WORK TO COMPLETE: Give back the lines below verbatim, omitting all pictures.

THE DATA:
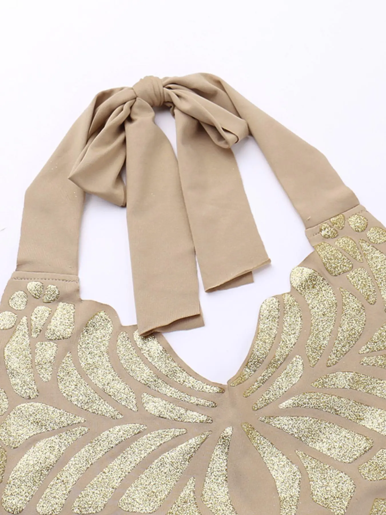 Women's Glitter Butterfly Design Tie Back Halter Crop Top, Fashion Casual Backless Sleeveless Top for Daily Outdoor Wear, Ladies Clothes for All Seasons
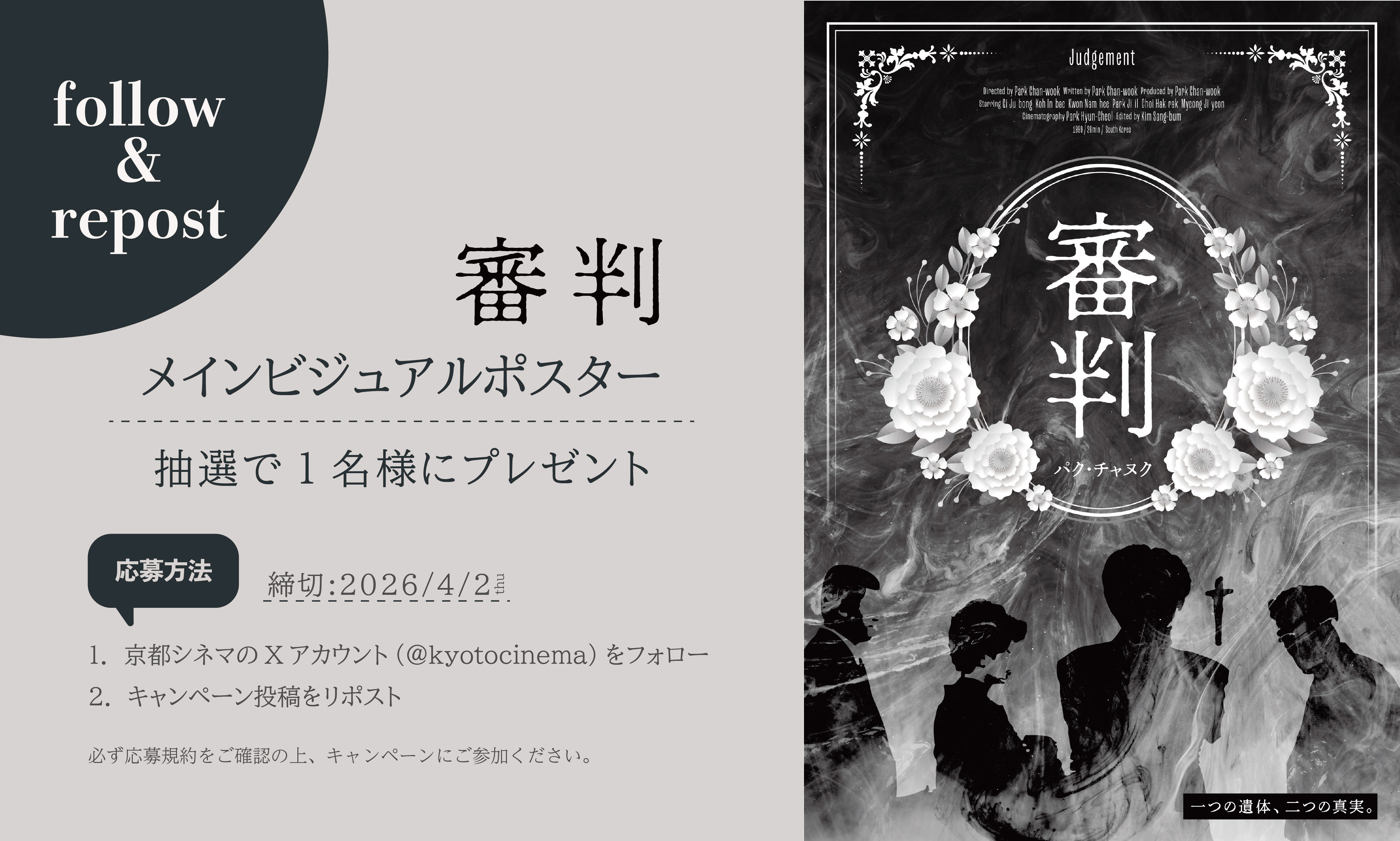京都シネマのXアカウントをフォローしてキャンペーン投稿をリポストすると、抽選で1名様へ『審判』のメインビジュアルポスター(B2サイズ/非売品)をプレゼントいたします。
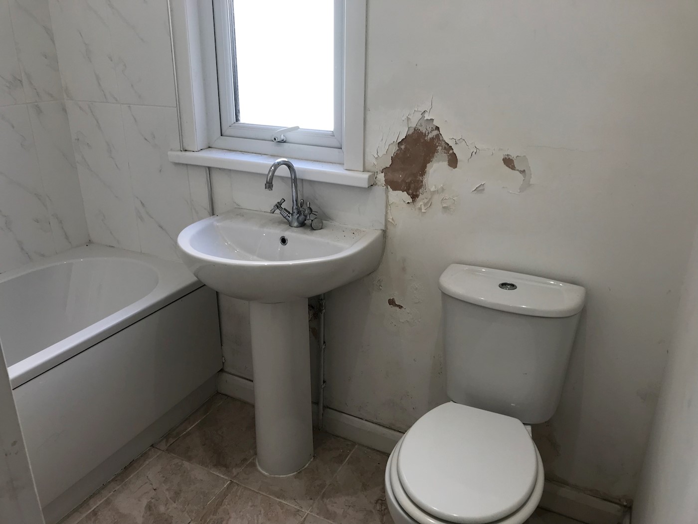 Three piece suite comprising panelled bath with shower attachment over, pedestal wash hand basin, low level w/c, double glazed obscure window to side, smooth ceiling with ceiling lighting, partially tiled walls, vinyl flooring.
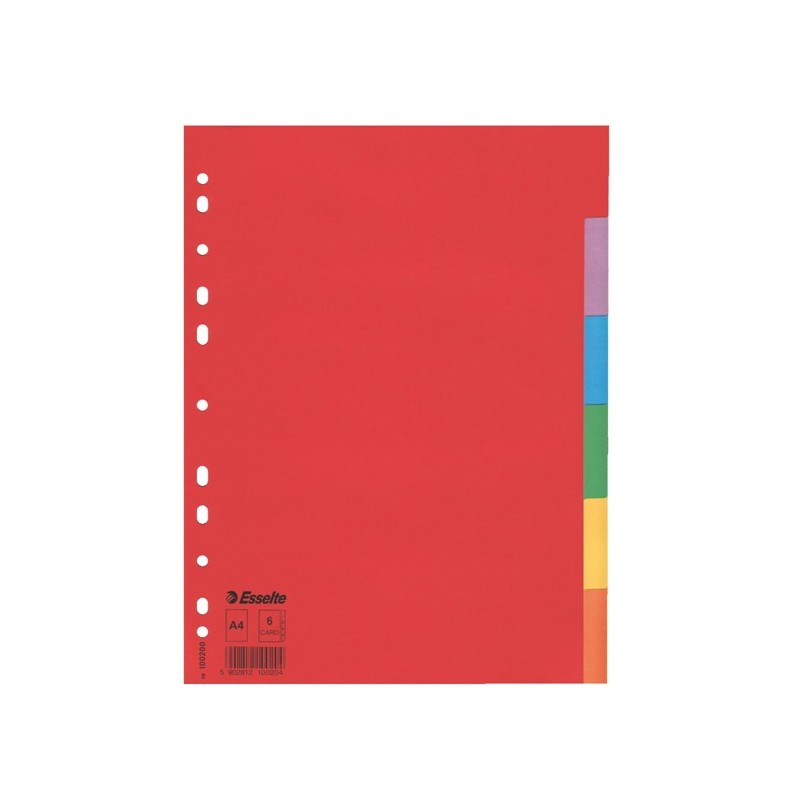 Intercalari in cartoncino riciclato (certificazione Blue Angel) da 160 gr. Dotati di 6 tacche neutre colorate (colori assortiti). Foratura universale. Formato A4.
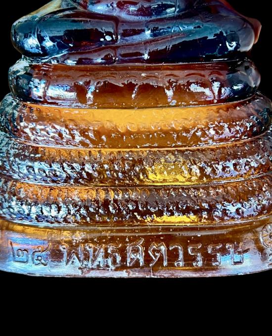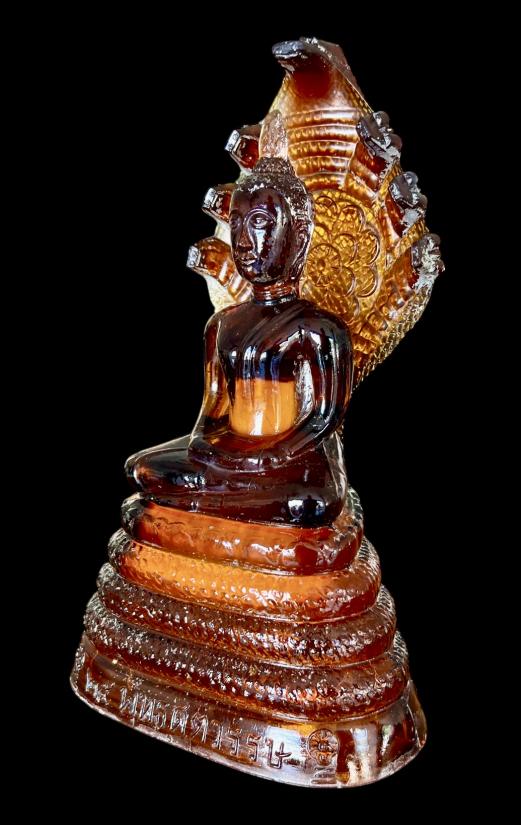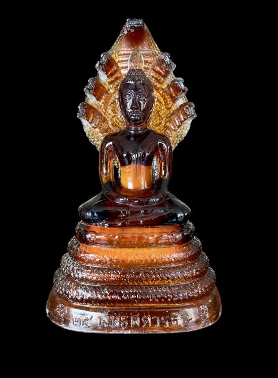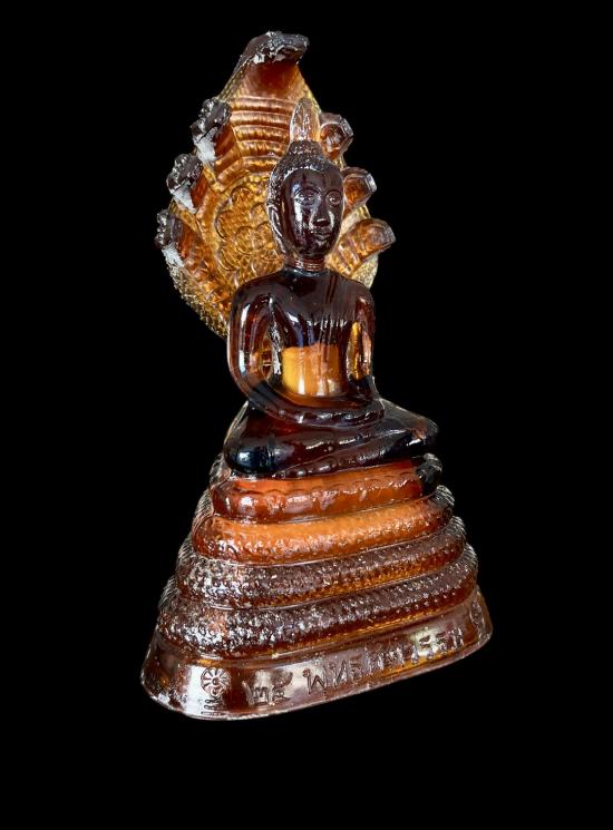 พระแก้วพิธี 25 พุทธศตวรรษ ปางนาคปรก บล็อค JAPAN เนื้อแก้วสีน้ำผึ้ง พิมพ์ใหญ่ สภาพสวยปลายเกศบิ่นนิดนึ่งตามภาพด้านล่าง นอกนั้นสมบูรณ์ครับ หน้าตัก 4 นิ้ว สูง 11 นิ้ว
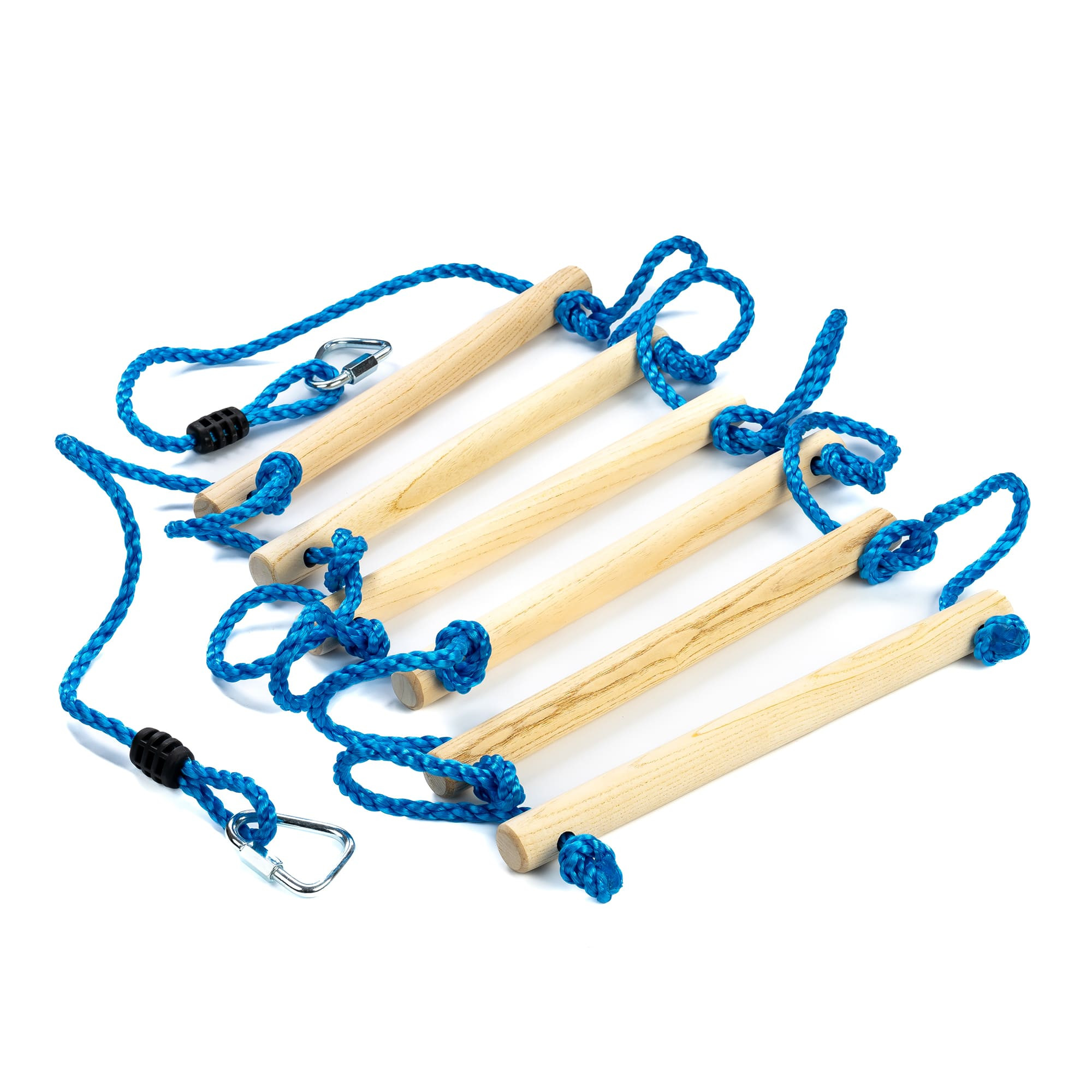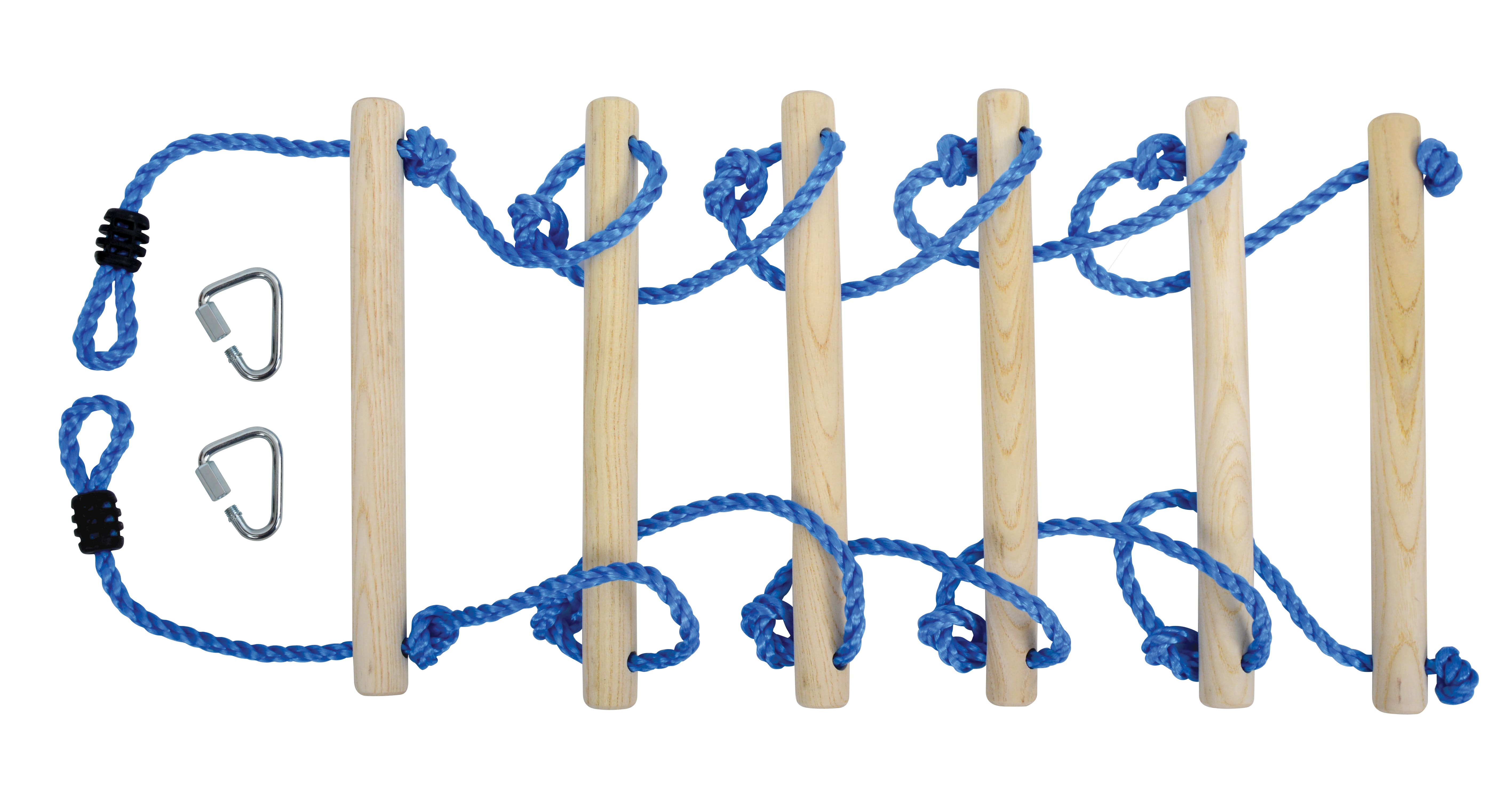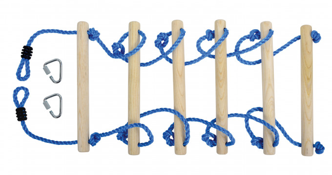 Pevný lanový žebřík (o průměru Ø 10 mm) měří celkem 250 cm. Je vyrobený z odolného a pevného plastového materiálu. Díky tomu je odolný vůči povětrnostním vlivům, takže je ideální pro venkovní použití. Lana doplňuje 6 příček z vysoce kvalitního, neošetřeného tvrdého dřeva (délka 38 cm, Ø 3,2 cm). Pomocí dvou bezpečnostních karabin, které jsou součástí balení, lze žebřík připevnit k překážkové dráze, houpačkám nebo použít k stromovým domečkům.
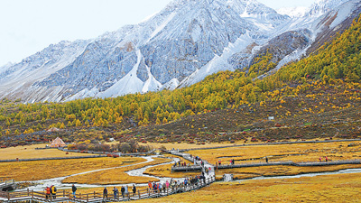 日前,四川省甘孜藏族自治州稻城亚丁风景区,层林尽染,五彩斑斓,吸引不少游客前往观赏。近年来,稻城县实施“山植树、路种花、河变湖(湿地)”工程,筑牢高原森林生态屏障。

ANSWER BELOW:
 Women's Glitter Butterfly Design Tie Back Halter Crop Top, Fashion Casual Backless Sleeveless Top for Daily Outdoor Wear, Ladies Clothes for All Seasons
京都シネマのXアカウントをフォローしてキャンペーン投稿をリポストすると、抽選で1名様へ『審判』のメインビジュアルポスター(B2サイズ/非売品)をプレゼントいたします。
 Three piece suite comprising panelled bath with shower attachment over, pedestal wash hand basin, low level w/c, double glazed obscure window to side, smooth ceiling with ceiling lighting, partially tiled walls, vinyl flooring.
 Intercalari in cartoncino riciclato (certificazione Blue Angel) da 160 gr. Dotati di 6 tacche neutre colorate (colori assortiti). Foratura universale. Formato A4.
 พระแก้วพิธี 25 พุทธศตวรรษ ปางนาคปรก บล็อค JAPAN เนื้อแก้วสีน้ำผึ้ง พิมพ์ใหญ่ สภาพสวยปลายเกศบิ่นนิดนึ่งตามภาพด้านล่าง นอกนั้นสมบูรณ์ครับ หน้าตัก 4 นิ้ว สูง 11 นิ้ว
 Pevný lanový žebřík (o průměru Ø 10 mm) měří celkem 250 cm. Je vyrobený z odolného a pevného plastového materiálu. Díky tomu je odolný vůči povětrnostním vlivům, takže je ideální pro venkovní použití. Lana doplňuje 6 příček z vysoce kvalitního, neošetřeného tvrdého dřeva (délka 38 cm, Ø 3,2 cm). Pomocí dvou bezpečnostních karabin, které jsou součástí balení, lze žebřík připevnit k překážkové dráze, houpačkám nebo použít k stromovým domečkům.
 日前,四川省甘孜藏族自治州稻城亚丁风景区,层林尽染,五彩斑斓,吸引不少游客前往观赏。近年来,稻城县实施“山植树、路种花、河变湖(湿地)”工程,筑牢高原森林生态屏障。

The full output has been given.